Mail time: AP laboratory questions using "equipment usually found in a school physics laboratory"

A post to a physics teaching message board asked the (paraphrased) question:

I was wondering about "design a procedure" AP Physics questions that ask students to use "equipment usually found in a school physics laboratory".  What are the limits here?  Would readers take off if a student used, for example, an accelerometer?

An accelerometer is fine.  It's available in the Pasco/Vernier catalogs and on smartphones - that's way common enough for me!

In general, I wouldn't stress about what's "common" or not.  No one is lawyering up about "well, this is only used in 49.1% of high school physics classrooms, so minus two points from Gryffindor."
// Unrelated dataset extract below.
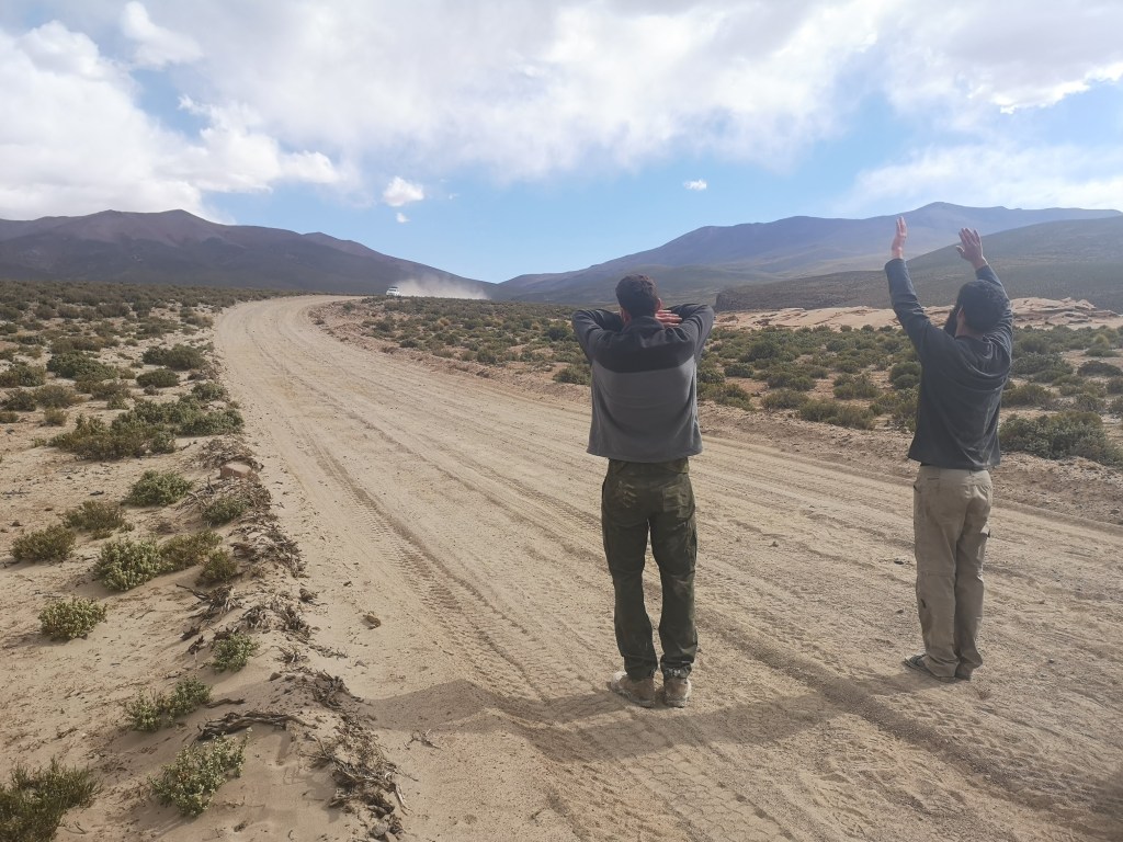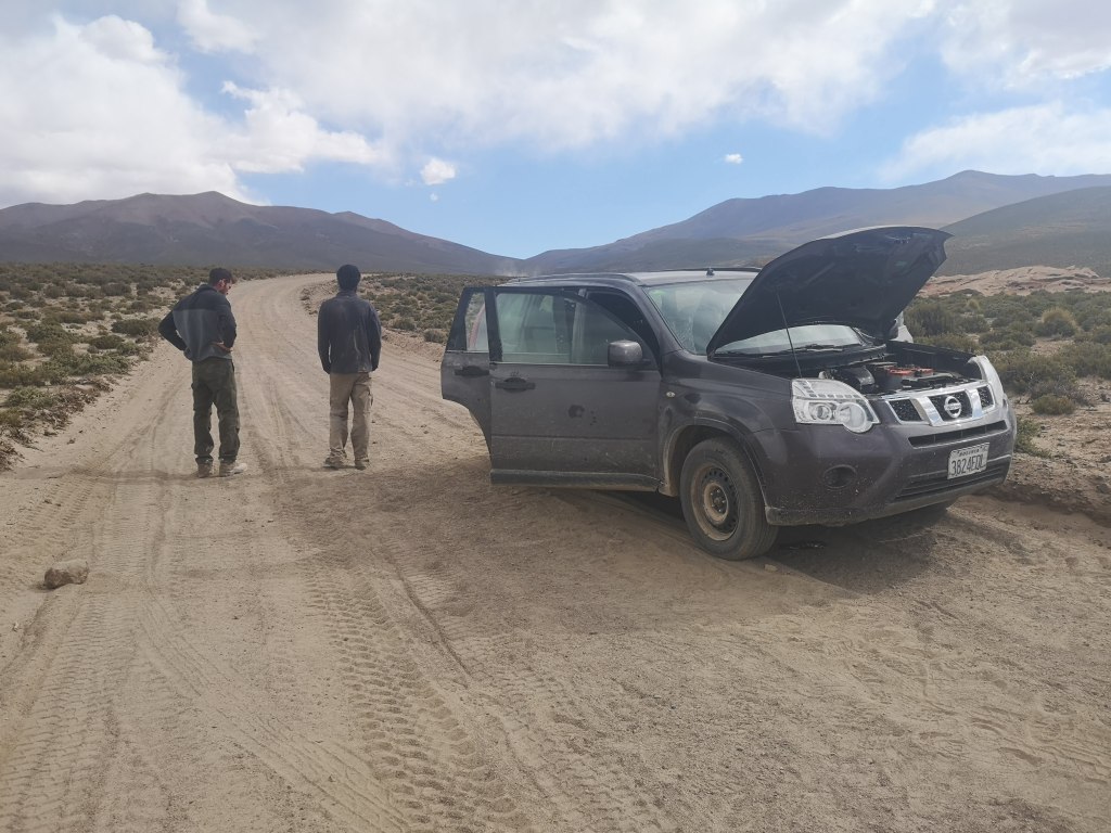 החברים מתעוררים, חוזרים לג'יפ, היום בתוכנית יש לנו את האטרקציות המרכזיות של הפארק, מה שגם הסיורים המאורגנים עושים, היעד הראשון הוא הגייזרים באתר סול דה מניינה, בדרך לשם המאפס מי מבלבל אותנו בדרך ואנחנו מגיעים לשער ברזל עם בוטקה לידו, אנחנו קצת מופתעים אבל חושבים שזו נקודת ביקורת של משרד התיירות הבוליביאני, אף אחד לא ניגש אלינו ואנחנו יוצאים לראות מה הסיפור, למרה הפתעתנו הבותקה פתוח, ואנחנו רואים מפתחות זרוקים על השולחן, הטיול הזה כבר ממזמן הפסיק להפתיע אותנו ואנחנו לוקחים את המפתחות ופותחים לעצמנו את השער.

Much more importantly, make sure your students can (very briefly!) in their procedural description show that they know how the device is used.  "Plot acceleration as a function of time using an accelerometer mounted to the cart" makes sense.  "Carry a phone on the roller coaster, and look at the acceleration-time plot using the built-in accelerometer."  Those are fine.

"Point the accelerometer at the cart to get its acceleration" doesn't work.  :-)  An accelerometer isn't a radar gun, nor is it a magic wand*.  I often see this issue with e.g. a photogate - it's not a point-and-click device! 

*Using it as such *would*, in fact, result in minus two points from Gryffindor.

Similarly incorrect would be, "Launch the ball from the projectile launcher.  Use an accelerometer to get its acceleration during the launch."  Now, I suppose you might be able to crack open the ball, insert a miniature accelerometer, paste the ball back together, launch the ball... but no.  That's not at all "common".*

* If someone truly did go through all this description, though, the procedure works.  Way ridiculous and time-wastey, but would such a student show comprehension of experimental physics?  I'd say so.  Point is, just saying "use the accelerometer" in this case isn't good enough for the readers to infer this farfetched procedure.  But if they write out all this detail, then sure, they have demonstrated serious understanding.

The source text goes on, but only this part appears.